You may think this answer contradicts the first answer, but it does not so let me explain.  It may be indeed true that with large populations genes rule.  But that is a statistical fact about the whole and does not take into account individual variations.

For example, you may study 1,000 pairs of identical twins adopted at birth and raised apart.  You may come up with a personality correlation coefficient of .70  (I don’t know what it is, that’s just a number I threw out).  But within that set of 1,000 pairs, you could have a number of twin pairs that in fact are dramatically different from their identically genetic sibling.  Even with that, the average correlation coefficient remains very high.  So as a rule, identical twins may be very close, but that does not mean they have to be.  And this my friends is the crux of the matter.

It is my opinion that we tend to follow our genes.  The overwhelming majority of individuals just go with the flow of their natural tendencies. I think that is a fact which has been clearly demonstrated.  Let’s face it, people are lazy.  But that does not mean we are slaves to our genes.  That does not mean we cannot overcome them.  Here is  just one example that I think most people will readily understand.

Weight – this is an area where opinions run high, but it is clearly something under the control of our behavior.  There are individuals who can eat like a horse and never put on excess weight.  There are others who without doubt have to be very careful or they balloon up rapidly.

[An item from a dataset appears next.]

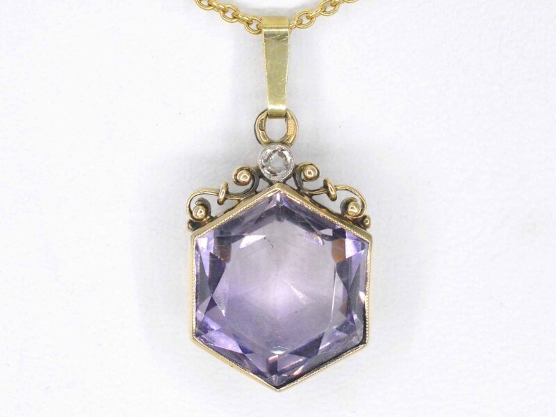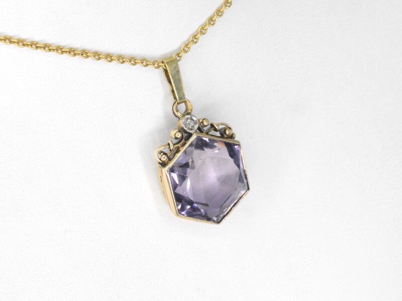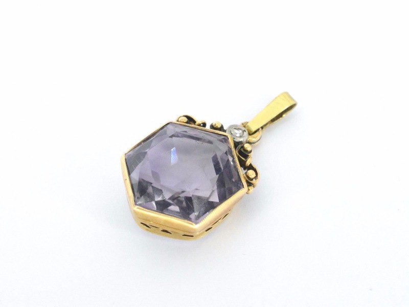 Product: Gouden hanger met diamant en edelsteen Specificaties: Diamant: Natuurlijk Aantal: 1 stuk Slijpvorm: Roos geslepen Gewicht (carat): 0.03 carat Edelsteen: Amethist Slijpvorm: Gefacetteerd Kleur: Paars Juweel: Hanger (excl. ketting) Gewicht: 4.6 gram Afmetingen/lengte: 27 mm Materiaal: 14K goud (585) Conditie: Nieuw Verpakking: Luxe sieradendoos Toelichting: De kwaliteit is overgenomen van het rapport behorend bij item. De waardebepaling is een beoordeling van een gecertificeerde diamantair, gebaseerd op consumentenprijzen. Consumentenprijs: € 1.925,-

I tend to the slim side genetically and thus it is much easier for me to lose weight than most other people.  In fact, I had to abuse my body horribly to get fat.  Had I spent those 30 years eating normally and being normally active, I would have been a fairly slim person.  Instead I had to lose over 70 pounds to get back into shape about 10 years ago.  I immediately started the abuse again and went back up slowly, and it took a long time to overcome my genetic tendency to be slim both times.

I know other people who tend to be heavy and pack on the weight.  And yet, through consistent effort they have gotten themselves into decent shape.  A couple of them have achieved superior fitness.  There are literally millions of example of both directions.

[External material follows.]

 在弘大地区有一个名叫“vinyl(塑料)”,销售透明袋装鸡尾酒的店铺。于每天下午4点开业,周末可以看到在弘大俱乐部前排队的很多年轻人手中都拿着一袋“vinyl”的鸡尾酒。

Still, if you study the genetic tendencies of the population as a whole, you will find that, as a whole, the population is ruled by its genes for weight.  Within that whole, there are millions of example of people overcoming their genetic tendencies.  The same thing would apply to all genetic tendencies to greater or lesser degrees depending on the trait.

The conclusion here is that you are not a slave to your genes.  You are responsible.  Just because most people don’t bother to overcome their genes, doesn’t mean that they or you are a slave to them.  Yes, it may be easier for me to lose weight and keep it off than it is for you, but we both can do it.  Just because nature dealt you a different hand does not mean it is not within your power to change, nor does it absolve you of your responsibilities.  There is without doubt many genetic traits that make it easier for you to do something than it is for me.  I can’t even draw decent stick people and my wife draws naturally and easily.  However, if I put my mind to it and tried, I could learn to draw like her.

You can do whatever you want so get off your butt and do it.  Stop blaming your genes for your problems because that is not the whole picture.  You can do it, you have just chosen not to because it is hard.  This may take away your convenient excuse, but I choose to look at it the other way.  To me, the fact that we can overcome our genetic tendencies opens up a world of boundless possibility.